Расчищенную до плаца дорожку уже замело, поэтому бреду, увязая в сугробах, но даже это не умерит моего энтузиазма.
Наконец я подхожу к ним, и протягиваю отцу свой деревянный меч, который покрасил красной краской – ведь когда-нибудь у меня будет Великий Алый меч.
Вот сейчас, сейчас отец обрадуется, скажет мне становиться и покажет этот свой замечательный прием.
Я тоже покажу, что умею – а умею я, между прочим, немало.
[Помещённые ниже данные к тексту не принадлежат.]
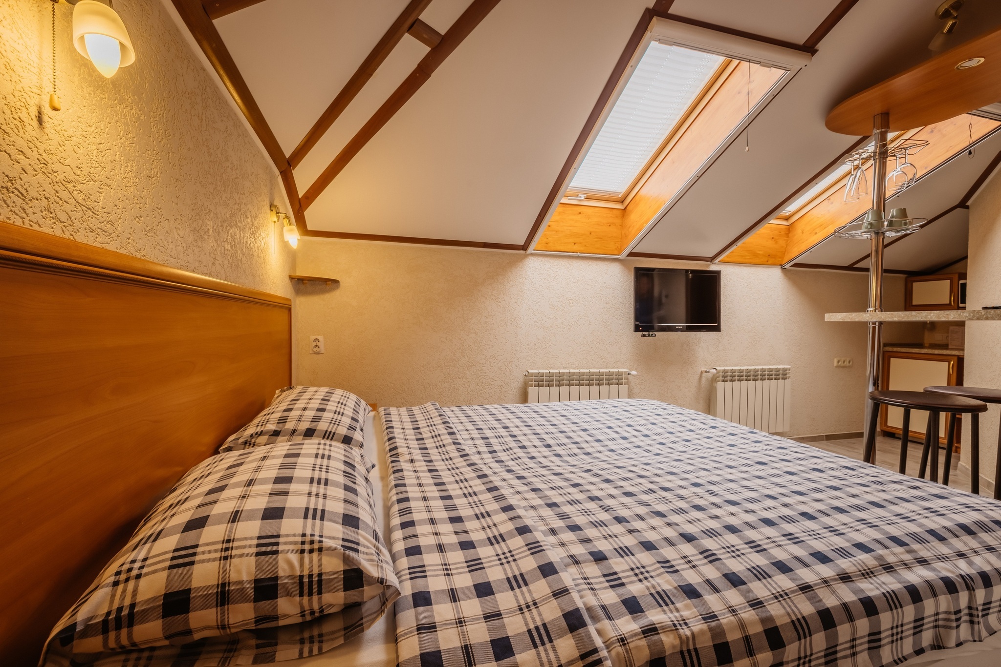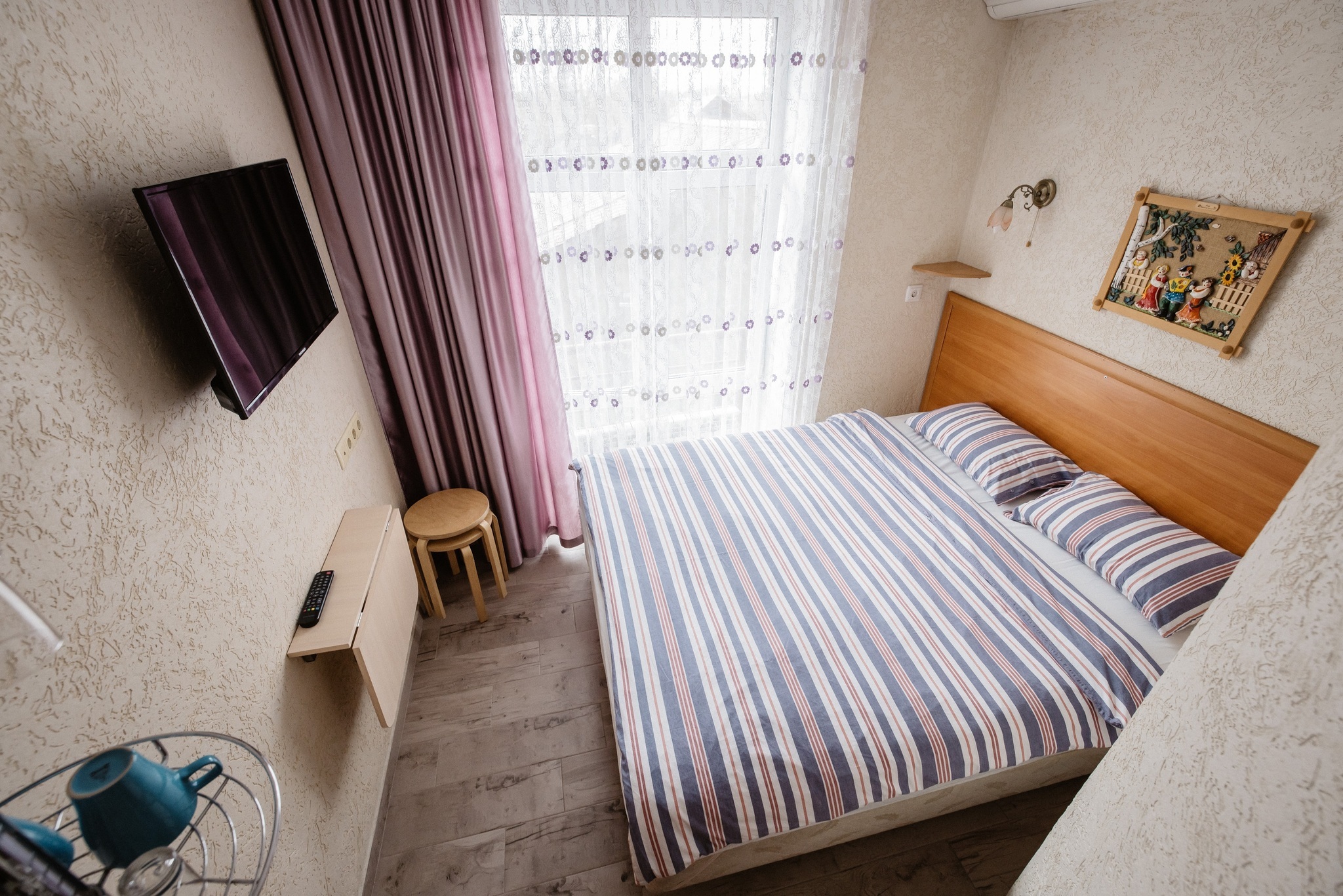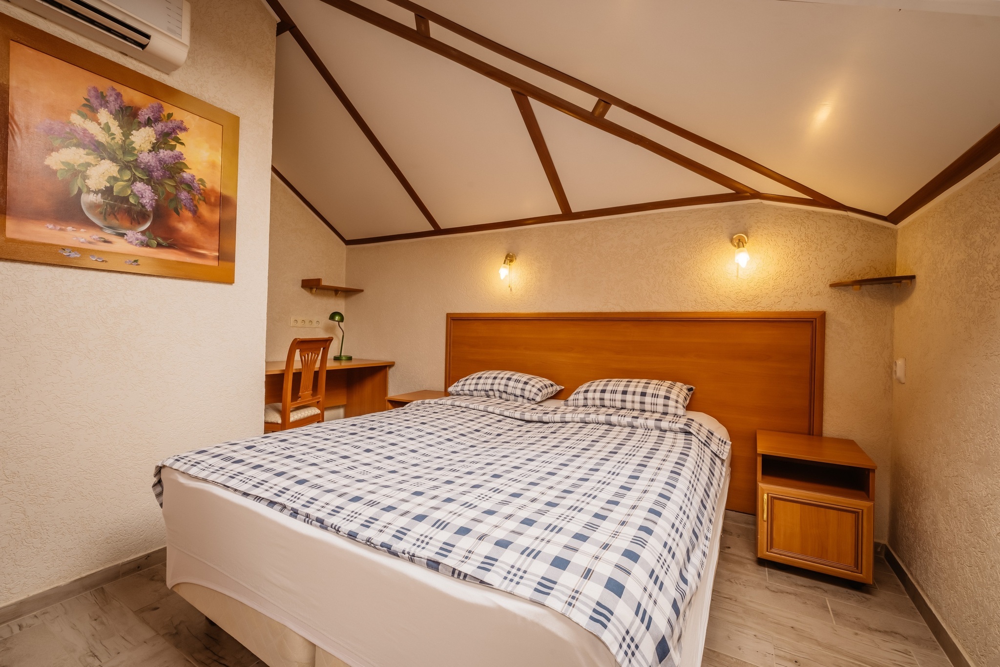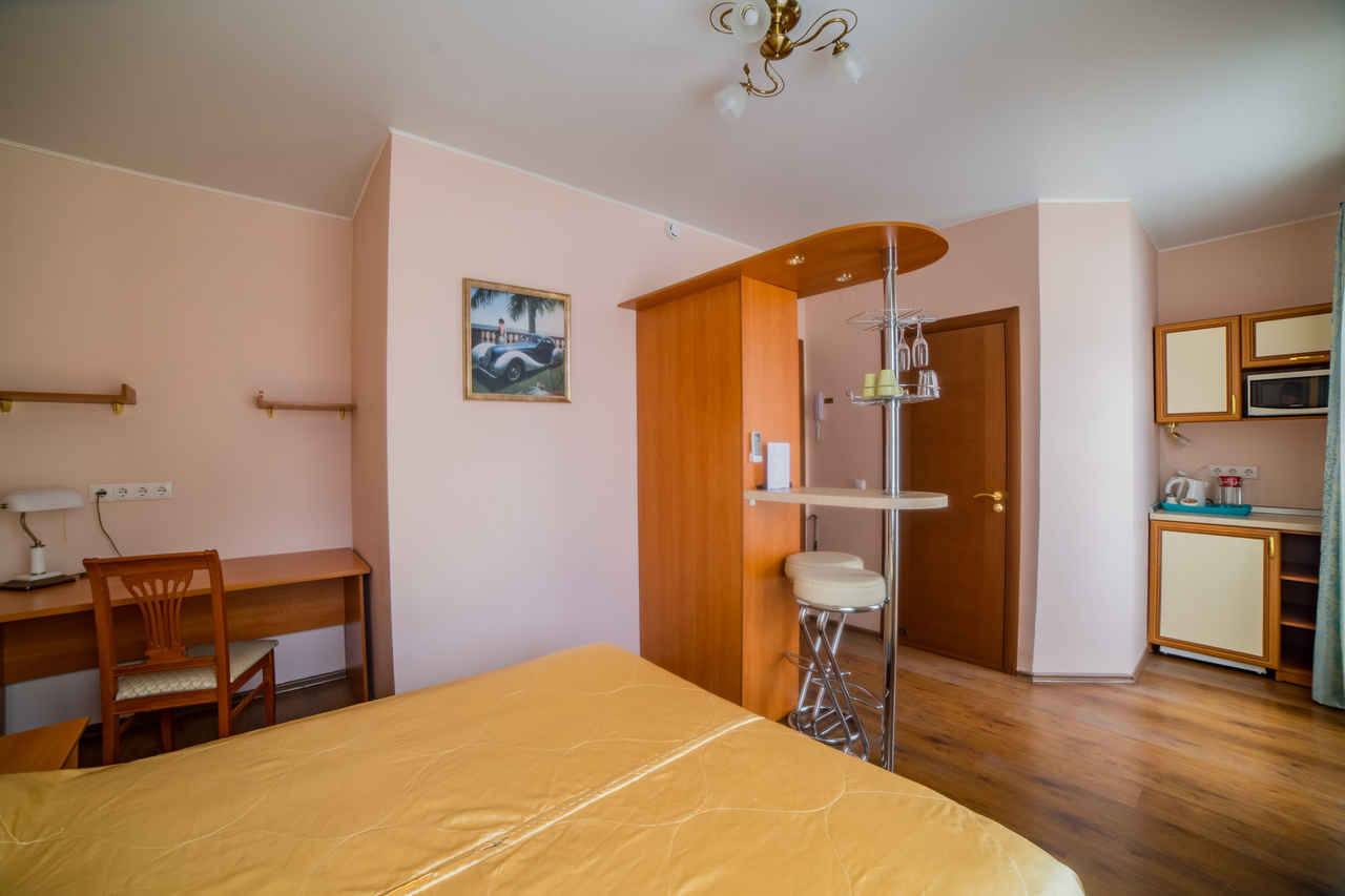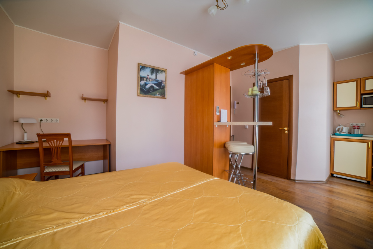 В отеле 15 номеров двух категорий: «стандарт» и «премиум». Все номера оборудованы удобными кроватями, плазменными телевизорами, кондиционерами, электрическими чайниками, холодильниками с мини-барами, СВЧ печами и посудой. Санузел в каждом номере.

Не зря мастер клинка меня хвалит. Отец еще удивится, и будет гордиться мной.
– Папа, научи меня тоже!
В этот момент отец оборачивается, и я вижу его бездушные, пустые глаза.
– Твой учитель – Сорцимус, – холодно бросает он. – Не мешай мне заниматься с Данте.
Помню это чувство бессилия… Мерзкое чувство бессилия.
– Но, папа…
– Ты такой идиот, что не понимаешь с первого раза? – зло рявкает отец голосом, которым он никогда не говорит с Данте. – Я сказал, ты нам мешаешь. Не смей больше влезать, когда я со своим сыном!
– Но ведь я тоже… Тоже твой сын… – шепчу я.
– Уйди, Эдриан.
Я не заплакал тогда. Нет, не заплакал перед ним.
Это стерло бы в порошок последние остатки гордости, которая у меня осталась.
Это бы сломало меня.
– Как скажете, господин, – почтительно кланяюсь и иду прочь.
Но все-таки плачу потом, у себя в комнате, и мать обнимает меня.
– Эдриан, Эдриан, мой сын, не слушай этого мужлана! Ты самый лучший, самый любимый мой сынок! Хочешь сладостей? Хочешь велю кухарке немедленно испечь пирог с печенью и тыквой?
Но я не хочу сладостей, не хочу пирогов и даже не хочу ее объятий и утешений.
Поэтому с непривычной для ребенка холодностью прошу оставить меня в покое.
Я просто хочу, чтобы отец учил меня обращаться с мечом, как учит Данте. Чтобы, как Данте, брал с собой в гарнизон. Чтобы, мы с ним вместе поехали и выбрали мне коня, как они недавно ездили с младшим братоми привезли темного жеребенка с глазами, как рубины.
Я просто хочу, чтобы отец хоть раз посмотрел на меня так, как он смотрит на Данте…
Эта наивная детская мечта так и осталась в прошлом.
Ведь потом я узнал, почему ей никогда не было суждено исполниться.
ГЛАВА 27
– Но и ты навсегда потерял то, чтобы было тебе дороже всего на свете, верно? – не мигая, смотрю в темно-синий глаз брата. – Марибэль – красиво звучит… Не так ли?
Кулаки Данте сжимаются, и на мгновение мне кажется, что он не выдержит.